_WHAT TO DO_. Any picture in the listing is left out of the copy; all else is duplicated exactly.

_GIVEN MATERIAL_.
----------------
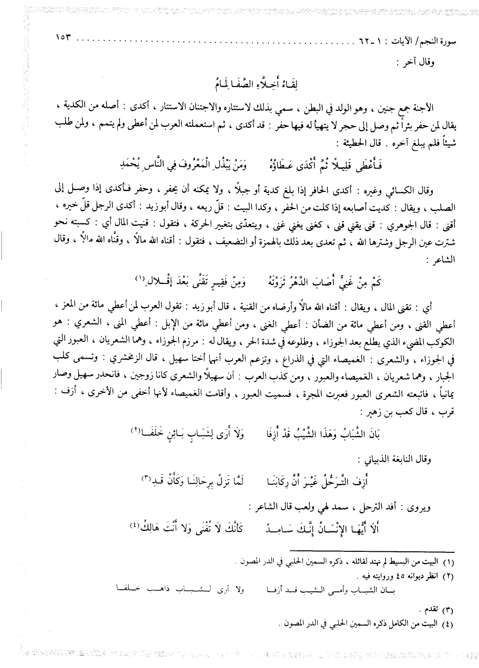 الأجنة : جمع جنين ، وهو الولد في البطن ، سمي بذلك لاستتاره ، والاجتنان : الاستتار . أكدى : أصله من الكدية ، يقال لمن حفر بئراً ثم وصل إلى حجر لا يتهيأ له فيها حفر : قد أكدى ، ثم استعملته العرب لمن أعطى ولم يتمم ، ولمن طلب شيئاً فلم يبلغ آخره . قال الحطيئة : فأعطى قليلاً ثم أكدى عطاءه
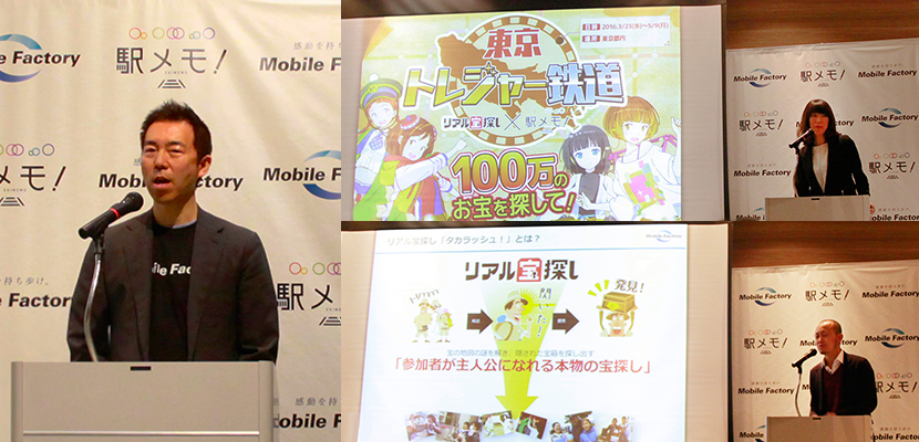 2016年3月23日(水)、「ステーションメモリーズ!」と「タカラッシュ!」は、東京都内約100箇所の駅を対象にしたリアル宝探しイベント、「リアル宝探し×駅メモ! 東京トレジャー鉄道 100万のお宝を探して!」を開始しました。
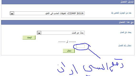 بعدين التسجيل بعدين التسجيل: تبديل الفصول اختاري المادة الي تبين تبدلينه واختاري الحاسب وروحي للمربع الصغير وحط رقم السي ار ان الي الي حطيتهم لك بعدين حطي ادخال وشوفي واحد واحد واختاري الوقت الي يناسب جدولك واذا شفتي الوقت الي يناسبك حطي العنصر التالي بعدين العنصر التالي بعدين انهاء التبديل وبكذا بدلتي الارقام وتاكدي من جدولك ياقلبي شوفي الصورة الي محطوطه بلمرفقات |
----------------
_THE ANSWER_.
 الأجنة : جمع جنين ، وهو الولد في البطن ، سمي بذلك لاستتاره ، والاجتنان : الاستتار . أكدى : أصله من الكدية ، يقال لمن حفر بئراً ثم وصل إلى حجر لا يتهيأ له فيها حفر : قد أكدى ، ثم استعملته العرب لمن أعطى ولم يتمم ، ولمن طلب شيئاً فلم يبلغ آخره . قال الحطيئة : فأعطى قليلاً ثم أكدى عطاءه
 2016年3月23日(水)、「ステーションメモリーズ!」と「タカラッシュ!」は、東京都内約100箇所の駅を対象にしたリアル宝探しイベント、「リアル宝探し×駅メモ! 東京トレジャー鉄道 100万のお宝を探して!」を開始しました。
 بعدين التسجيل بعدين التسجيل: تبديل الفصول اختاري المادة الي تبين تبدلينه واختاري الحاسب وروحي للمربع الصغير وحط رقم السي ار ان الي الي حطيتهم لك بعدين حطي ادخال وشوفي واحد واحد واختاري الوقت الي يناسب جدولك واذا شفتي الوقت الي يناسبك حطي العنصر التالي بعدين العنصر التالي بعدين انهاء التبديل وبكذا بدلتي الارقام وتاكدي من جدولك ياقلبي شوفي الصورة الي محطوطه بلمرفقات |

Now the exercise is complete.